Under the Eaves of Architecture
Author: Philip Jodidio
Publisher: Prestel Publishing
Total Pages: 224
Release: 2007
Genre: Architecture
ISBN:

The prestigious Aga Khan Award for Architecture recognises projects that benefit the Muslim world for their excellence in contemporary design, community improvement and development, restoration, re-use and area conservation. This anthology presents award winning projects from universities and historic restoration programmes.

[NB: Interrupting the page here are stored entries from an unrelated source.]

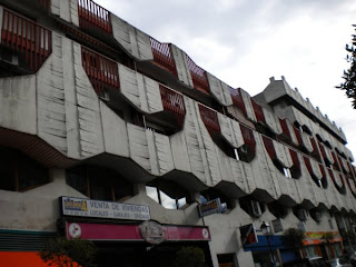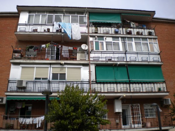 A David y a mí nos sorprende que tanto Madrid como el cinturón estén plagados de edificios costeros. No sé si ésta es una percepción de los que nos hemos criado junto al mar, ni si los madrileños comentan lo raro que es toparse con edificios como los de Leganés cuando se pasean por Gandía o por Benalmádena. La primera vez que tuve la impresión de estar en Torremolinos en lugar de en Madrid fue yendo al edificio de Santillana (este fenómeno sólo ocurre tras atravesar la M-30). Desde el metro hay que subir una cuesta en la que construcciones feas, inmensas y rodeadas de jardines sugieren que el Mediterráneo está a la vuelta de la esquina. He aquí un ejemplo más modesto, como corresponde a Leganés:
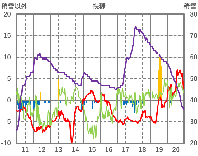 | 日 | 時 | 気温 | 降水 | 風向/風速 | 日照 | 積雪 | 降雪 |
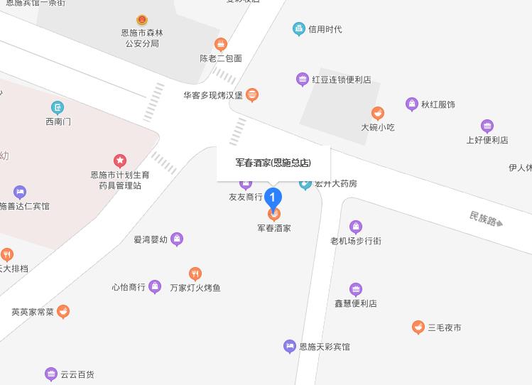恩施花江狗肉總店地址:恩施市計生服務中心,民族路與大橋路交叉十字路口向移動公司下行20米左右(步行街進口處)恩施市軍春酒家花江狗肉蝦蟹王
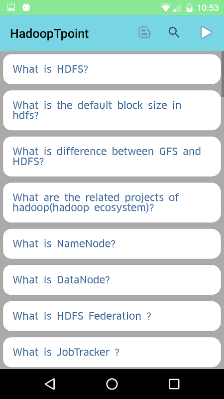 HadoopTpoint app that provides a Quick view and most frequently asked hadoop interview questions in real time and hadoop tutorial. This App is intended to help Big Data Career Aspirants to prepare for the interview on Big Data Related technologies. This app has collection of more than 500+ questions on different Big Data tutorial.HadoopTpoint also providing Hadoop Quiz,hadoop projects,hadoop online course,mapreduce,apache Hive,apache pig,apache sqoop,apache spark,kafka,Mongodb,Hdfs and more big data topics.
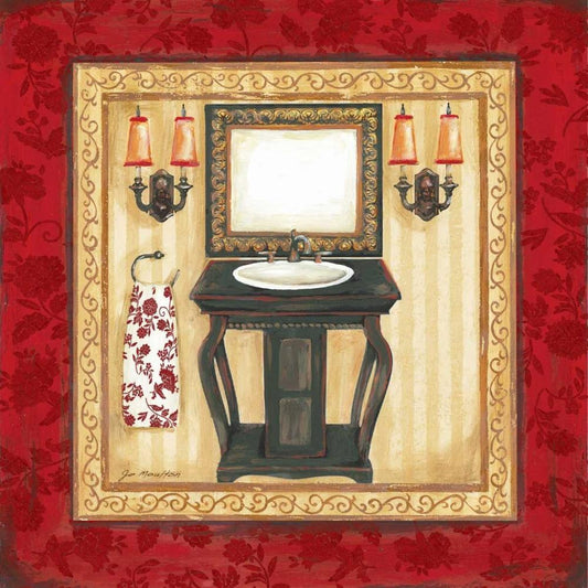 Red Demask Bath I Gold Ornate Wood Framed Art Print with Double Matting by Moulton, Jo
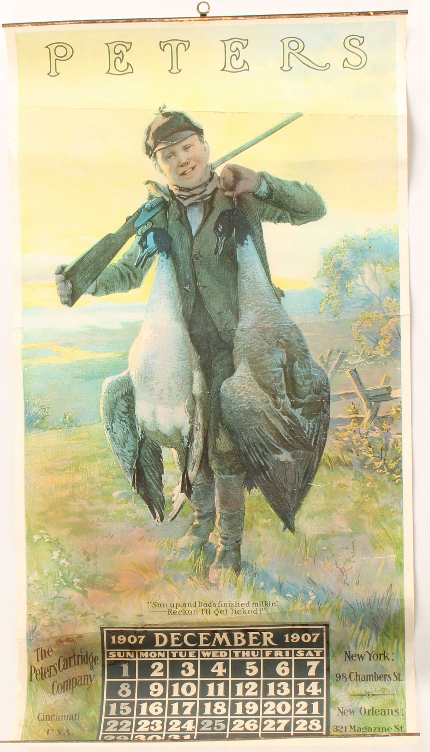 1907 Peters Cartridge Co. Calendar, ''SUN UP, AND DAD'S FINISHED MILKIN, RECON I'LL GET LICKED'', pictures a young hunter with a double barrel shotgun & two geese strung around his neck, standing in a grass field with horizon backdrop, top & bottom brass bands & brass hanger, December calendar page only, (3) full length creases from side to side, with additional light creases from rolling & tube storage, image colors are faded, some rust to bands, still a nice example of a very hard to find calendar, 14'' x 28''. Grade: Good++ - Value: 2000 to 6000
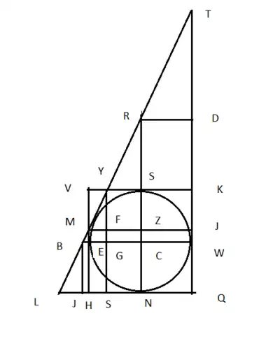 - KSYV: a horizontal tangent at S, intersects line TQ at K(坤), hypotenuse TL at Y(月).
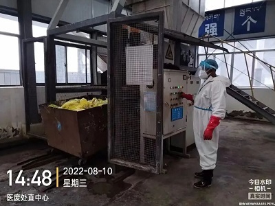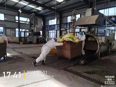 (國策環(huán)保林芝分公司工作人員對醫(yī)療廢物進(jìn)行安全處置)
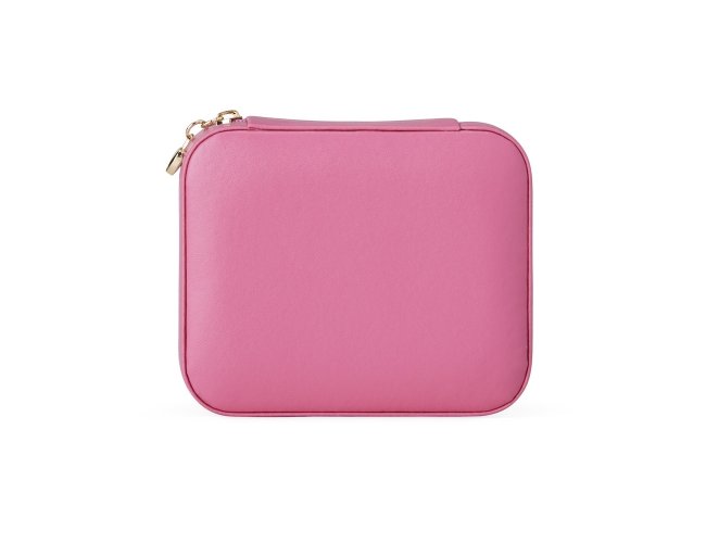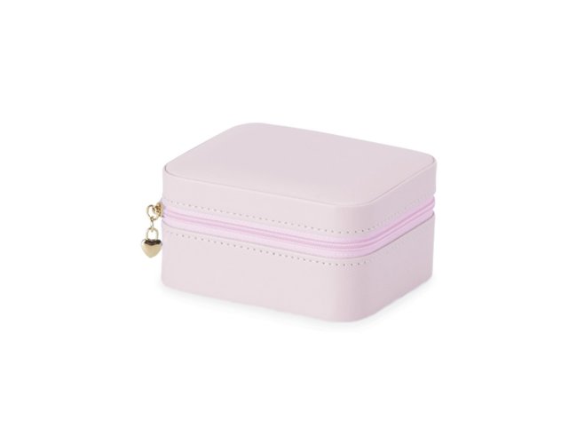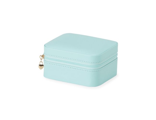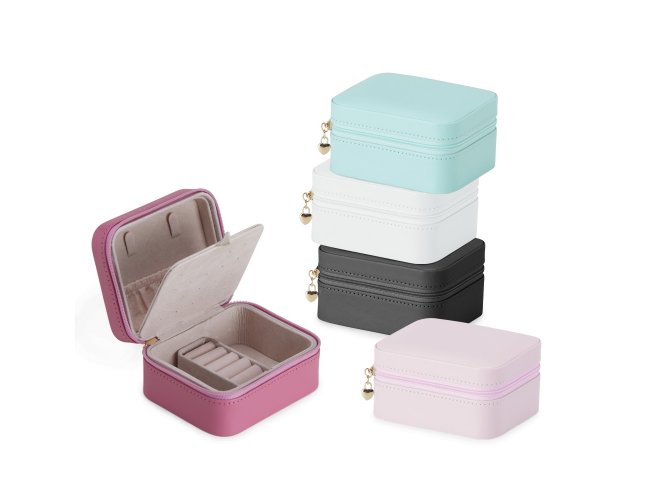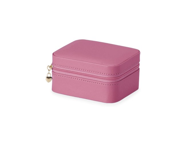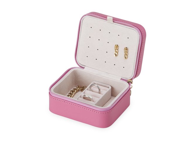 Porta joias de couro sintético com revestimento aveludado. Possui compartimentos internos para anéis, brincos, pulseiras e colares.
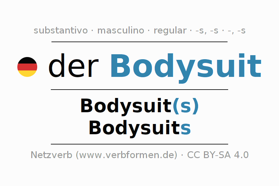 A declinação do substantivo Bodysuit (body, collant) está no genitivo singular Bodysuit(s) e no nominativo plural Bodysuits . O substantivo forte Bodysuit é declinado com a terminação s/-/s. O gênero gramatical de Bodysuit é masculino e o artigo definido é 'der'. Não se pode somente declinar o substantivo Bodysuit mas sim todos os substantivos em alemão. Comentários ☆
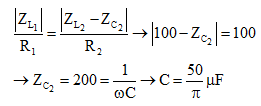 H.Đặt vào hai đầu AB một điện áp xoay chiều có giá trị hiệu dụng không đổi, tần số f = 50 Hz. Để UAB = UAM + UMB thì điện dung của tụ bằng
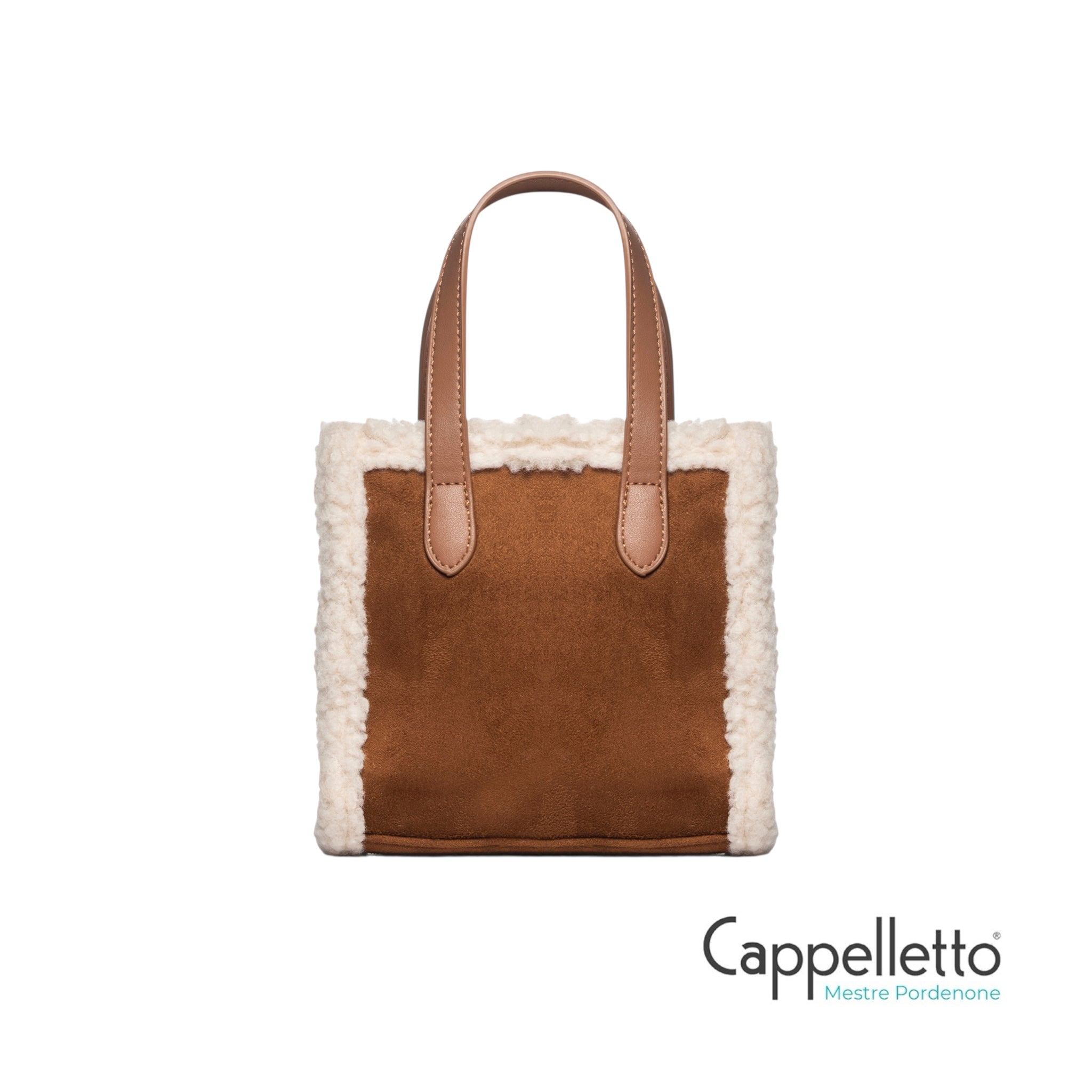 Borsa a mano Buby Suede S in morbido ecosuede con profili in shearling, perfetta per la stagione fredda.

Creation and Transfer of Knowledge

Creation and Transfer of Knowledge
Author: Giorgio Barba Navaretti
Publisher: Springer Science & Business Media
Total Pages: 336
Release: 1998-06-22
Genre: Business & Economics
ISBN: 9783540644262

Is knowledge an economic good? Which are the characteristics of the institutions regulating the production and diffusion of knowledge? Cumulation of knowledge is a key determinant of economic growth, but only recently knowledge has moved to the core of economic analysis. Recent literature also gives profound insights into events like scientific progress, artistic and craft development which have been rarely addressed as socio-economic institutions, being the domain of sociologists and historians rather than economists. This volume adopts a multidisciplinary approach to bring knowledge in the focus of attention, as a key economic issue.

Romanesque

Romanesque
Author: Jordi Camps
Publisher: Routledge
Total Pages: 342
Release: 2018
Genre: Architecture, Romanesque
ISBN: 9781351105576

The twenty-five papers in this volume arise from a conference jointly organised by the British Archaeological Association and the Museu Nacional d'Art de Catalunya in Barcelona. They explore the making of art and architecture in Latin Europe and the Mediterranean between c. 1000 and c. 1250, with a particular focus on questions of patronage, design and instrumentality. No previous studies of patterns of artistic production during the Romanesque period rival the breadth of coverage encompassed by this volume - both in terms of geographical origin and media, and in terms of historical approach. Topics range from case studies on Santiago de Compostela, the Armenian Cathedral in Jerusalem and the Winchester Bible to reflections on textuality and donor literacy, the culture of abbatial patronage at Saint-Michel de Cuxa and the re-invention of slab relief sculpture around 1100. The volume also includes papers that attempt to recover the procedures that coloured interaction between artists and patrons - a serious theme in a collection that opens with 'Function, condition and process in eleventh-century Anglo-Norman church architecture' and ends with a consideration of 'The death of the patron'.